* _ASSIGNMENT_:
Restate all the data word for word and omit the pictures.

━━━━━━

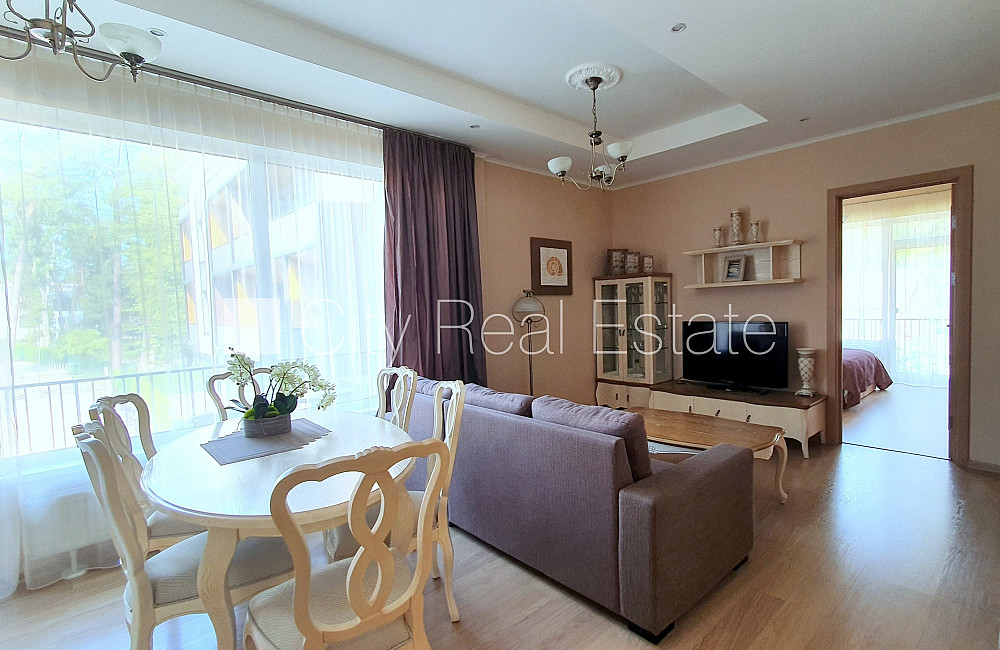 Projekts - Turaidas Kvartāls, zeme īpašumā, jaunceltne, labiekārtota apzaļumota teritorija, bruģēts piebraucamais ceļš, slēgta teritorija, pazemes autostāvvieta, apsargāta teritorija, pagalmā bērnu spēļu laukums, ir lifts, trīs balkoni, logi vērsti uz parka pusi, plašs skats no loga, guļamistabu skaits 3 gab., studio tipa, virtuve apvienota ar viesistabu, garderobe, automatizēta apkures sistēma, apkures skaitītāji, individuāla apkures sistēmas uzskaite, pilnā apdare, lielie skatlogi, koka stikla pakešu logi, lamināta parketa grīda, flīžu grīdas segums, divi sanitārie mezgli, vanna, dušas kabīne, bidē, iebūvēta virtuves iekārta, iebūvēti sienas skapji, divguļamā gulta, ledusskapis, trauku mazgājamā mašīna, elektriskā plīts, cepeškrāsns, veļas mašīna, internets, kabeļtelevīzija, dūmu detektors, video domofons, viedkaršu caurlaides sistēma, projektā vēl pieejami dzīvokļi, stratēģiski izdevīga vieta, līdz jūrai 300 m, CITY REAL ESTATE ID - 425683
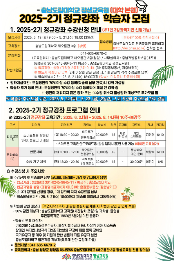 - 수강신청기간 : 25. 5. 19.(월) ~  5. 21.(수) 09:00 ~ 18:00 (3일간)
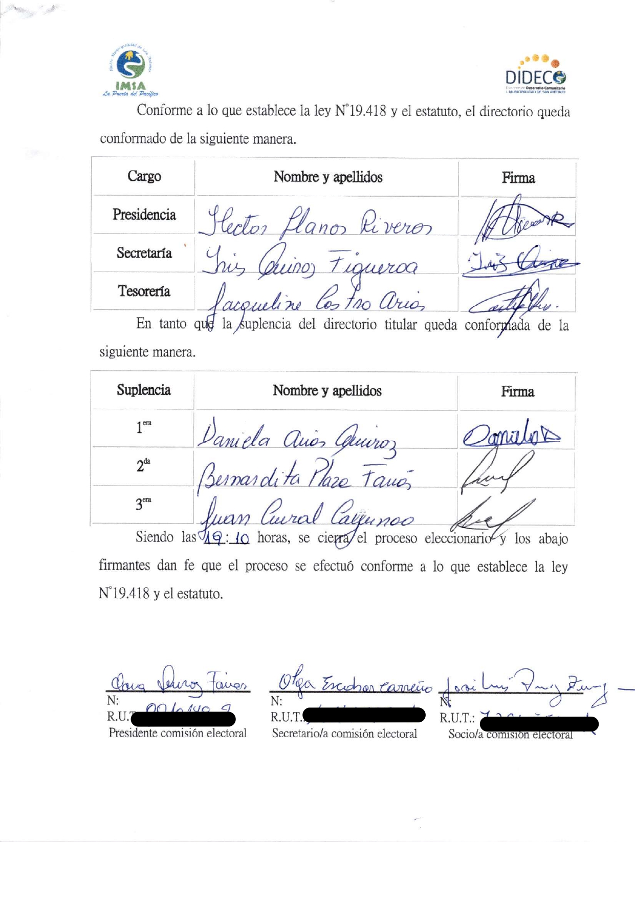 Acta de elecciones JJVV SAN ISIDRO VALLE ABAJO
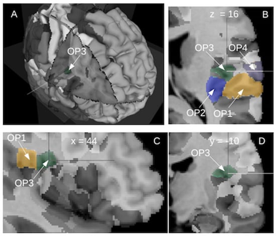 - Sepulcre, J. An OP4 functional stream in the language-related neuroarchitecture. Cereb. Cortex 2015, 25, 658–666. [Google Scholar] [CrossRef] [Green Version]
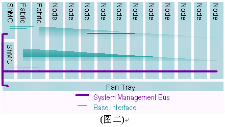 I2C總線使用100Khz時(shí)鐘和3.3V信號(hào)。ATCA規(guī)范制定要求2個(gè)IPMB總線,分別冠以IPMB-A和IPMB-B,兩條總線合一稱之為IPMB-0。IPMB可以以雙總線或雙星型配置方式實(shí)現(xiàn)。之所以要求雙IPMB總線是為了保證系統(tǒng)管理子系統(tǒng)的可靠性。IPMB總線被用作聯(lián)接ShMC與ATCA單板和ATCA機(jī)架中FRUs的橋梁。雙IPMB總線可同時(shí)被使用以加倍傳輸頻寬,但設(shè)計(jì)者必須考慮萬一其中一條IPMB總線失靈所帶來的沖擊。典型的ATCA背板上系統(tǒng)管理間的互聯(lián)如下圖所示,在背板上有兩個(gè)ShMC槽位,兩個(gè)交換槽位,11個(gè)節(jié)點(diǎn)槽位和1個(gè)風(fēng)扇的連接。值得說明的是管理總線與所有的節(jié)點(diǎn)槽、交換槽通過一對(duì)雙備援的ShMC聯(lián)接。
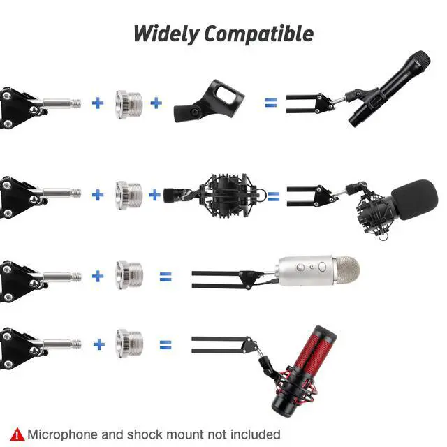 The uniquely designed Mic Boom Arm is paired with the yperX QuadCast, Blue Yeti, Blue Snowball, Shure SM58 Microphone,etc for a better experience.
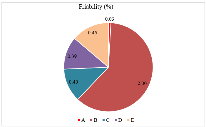 Figure 3. Percentage (%) Friability. Samples A to E.
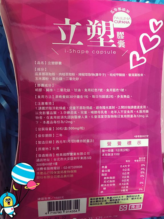 1.「瓜拿那」是原產於亞馬遜流域的一種藤蔓植物,富含酵素可以幫助排便順暢,並且能抑制脂肪分解酵素,此外也有降低食慾的效果喔~~萃取物中含有天然咖啡因,可以提高新陳代謝率以及排出多餘水分!
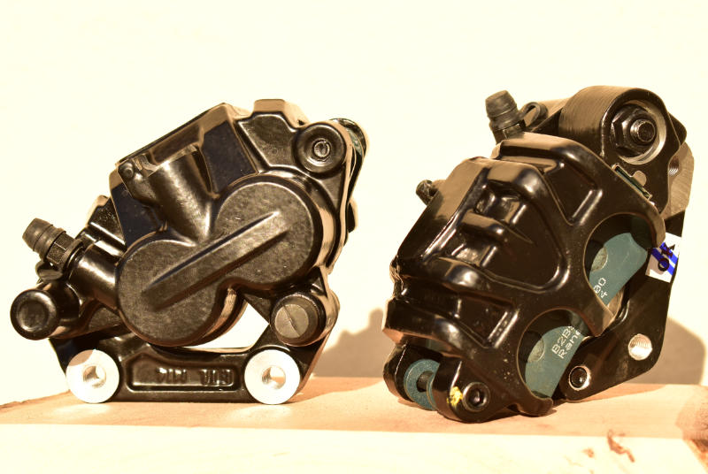 Für alle EFI Modell ohne ABS. Kann auch mit PRICOL oder BYBRE Handbremspumpe kombiniert werden. Kein Festgammeln der Schwimmlagerbolzen. KTM Belagsform.
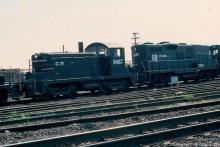 CR SW-1 8487 and GP-9B 3839 in a line of other retired SW-1's at Morrisville yard in June, 1980.
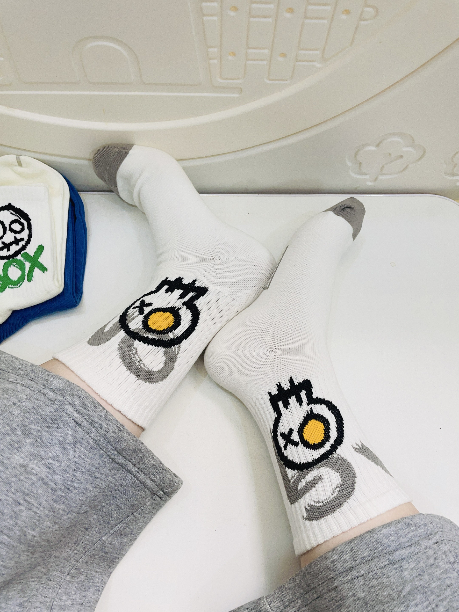 现在广东的天气好暖和不冷不热刚刚好 我给自己准备新的袜子 派米这款袜子配色蛮好看 涂鸦图案都蛮吸睛的 摸着面料舒服 上脚穿舒服又不闷 我感觉蛮适合现在的天气穿 也不用担心会打球运动出汗臭脚 日常通勤户外休闲运动随便搭
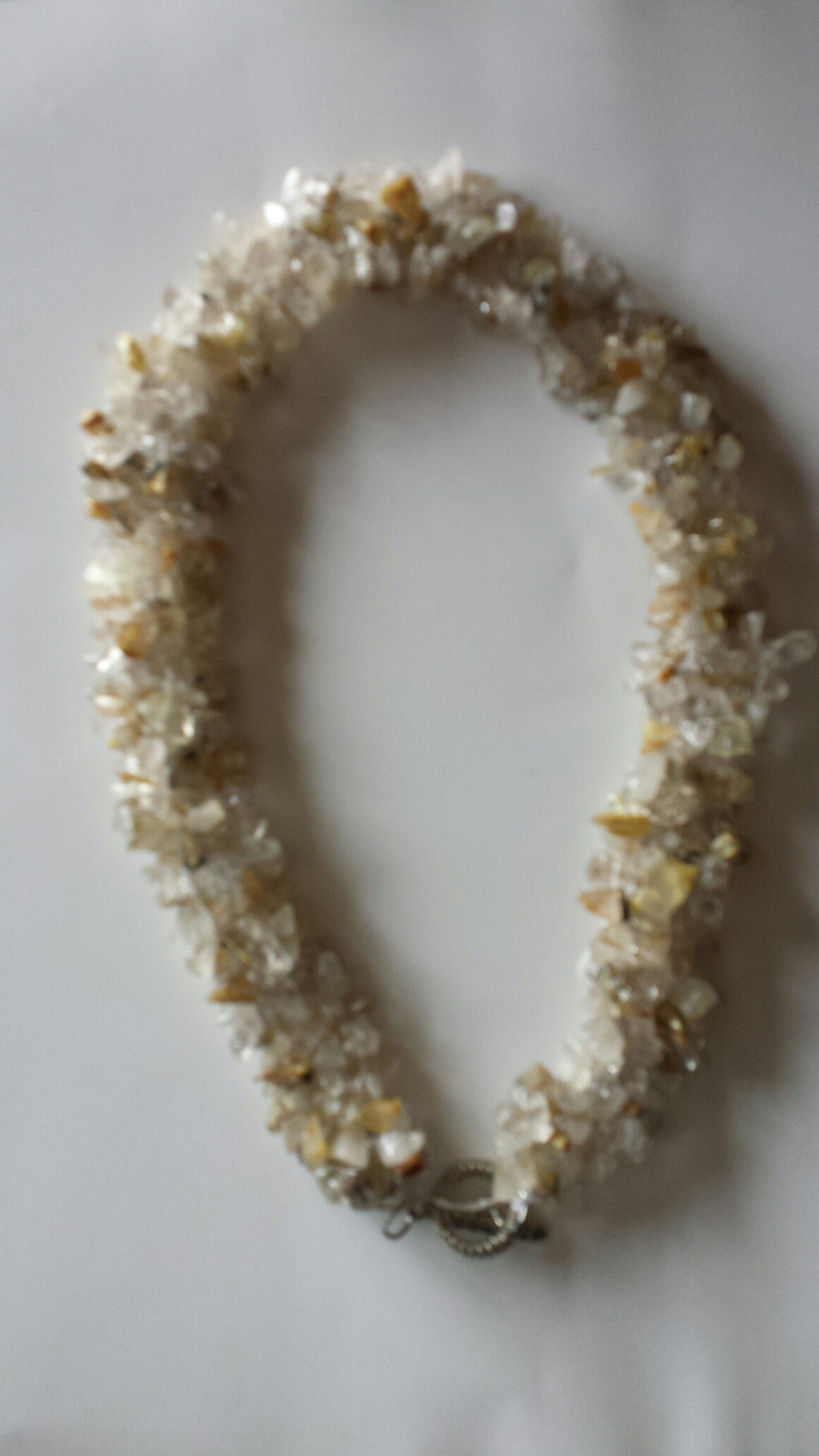 Power Jewels Natural Gold Rutilated Quartz Chip Stones Band Necklace. 17-5/8 inches. Silver plated toggle closure.

━━━━━━

* _OUTPUT OF THE TASK_:
 Projekts - Turaidas Kvartāls, zeme īpašumā, jaunceltne, labiekārtota apzaļumota teritorija, bruģēts piebraucamais ceļš, slēgta teritorija, pazemes autostāvvieta, apsargāta teritorija, pagalmā bērnu spēļu laukums, ir lifts, trīs balkoni, logi vērsti uz parka pusi, plašs skats no loga, guļamistabu skaits 3 gab., studio tipa, virtuve apvienota ar viesistabu, garderobe, automatizēta apkures sistēma, apkures skaitītāji, individuāla apkures sistēmas uzskaite, pilnā apdare, lielie skatlogi, koka stikla pakešu logi, lamināta parketa grīda, flīžu grīdas segums, divi sanitārie mezgli, vanna, dušas kabīne, bidē, iebūvēta virtuves iekārta, iebūvēti sienas skapji, divguļamā gulta, ledusskapis, trauku mazgājamā mašīna, elektriskā plīts, cepeškrāsns, veļas mašīna, internets, kabeļtelevīzija, dūmu detektors, video domofons, viedkaršu caurlaides sistēma, projektā vēl pieejami dzīvokļi, stratēģiski izdevīga vieta, līdz jūrai 300 m, CITY REAL ESTATE ID - 425683
 - 수강신청기간 : 25. 5. 19.(월) ~  5. 21.(수) 09:00 ~ 18:00 (3일간)
 Acta de elecciones JJVV SAN ISIDRO VALLE ABAJO
 - Sepulcre, J. An OP4 functional stream in the language-related neuroarchitecture. Cereb. Cortex 2015, 25, 658–666. [Google Scholar] [CrossRef] [Green Version]
 I2C總線使用100Khz時(shí)鐘和3.3V信號(hào)。ATCA規(guī)范制定要求2個(gè)IPMB總線,分別冠以IPMB-A和IPMB-B,兩條總線合一稱之為IPMB-0。IPMB可以以雙總線或雙星型配置方式實(shí)現(xiàn)。之所以要求雙IPMB總線是為了保證系統(tǒng)管理子系統(tǒng)的可靠性。IPMB總線被用作聯(lián)接ShMC與ATCA單板和ATCA機(jī)架中FRUs的橋梁。雙IPMB總線可同時(shí)被使用以加倍傳輸頻寬,但設(shè)計(jì)者必須考慮萬一其中一條IPMB總線失靈所帶來的沖擊。典型的ATCA背板上系統(tǒng)管理間的互聯(lián)如下圖所示,在背板上有兩個(gè)ShMC槽位,兩個(gè)交換槽位,11個(gè)節(jié)點(diǎn)槽位和1個(gè)風(fēng)扇的連接。值得說明的是管理總線與所有的節(jié)點(diǎn)槽、交換槽通過一對(duì)雙備援的ShMC聯(lián)接。
 The uniquely designed Mic Boom Arm is paired with the yperX QuadCast, Blue Yeti, Blue Snowball, Shure SM58 Microphone,etc for a better experience.
 Figure 3. Percentage (%) Friability. Samples A to E.
 1.「瓜拿那」是原產於亞馬遜流域的一種藤蔓植物,富含酵素可以幫助排便順暢,並且能抑制脂肪分解酵素,此外也有降低食慾的效果喔~~萃取物中含有天然咖啡因,可以提高新陳代謝率以及排出多餘水分!
 Für alle EFI Modell ohne ABS. Kann auch mit PRICOL oder BYBRE Handbremspumpe kombiniert werden. Kein Festgammeln der Schwimmlagerbolzen. KTM Belagsform.
 CR SW-1 8487 and GP-9B 3839 in a line of other retired SW-1's at Morrisville yard in June, 1980.
 现在广东的天气好暖和不冷不热刚刚好 我给自己准备新的袜子 派米这款袜子配色蛮好看 涂鸦图案都蛮吸睛的 摸着面料舒服 上脚穿舒服又不闷 我感觉蛮适合现在的天气穿 也不用担心会打球运动出汗臭脚 日常通勤户外休闲运动随便搭
 Power Jewels Natural Gold Rutilated Quartz Chip Stones Band Necklace. 17-5/8 inches. Silver plated toggle closure.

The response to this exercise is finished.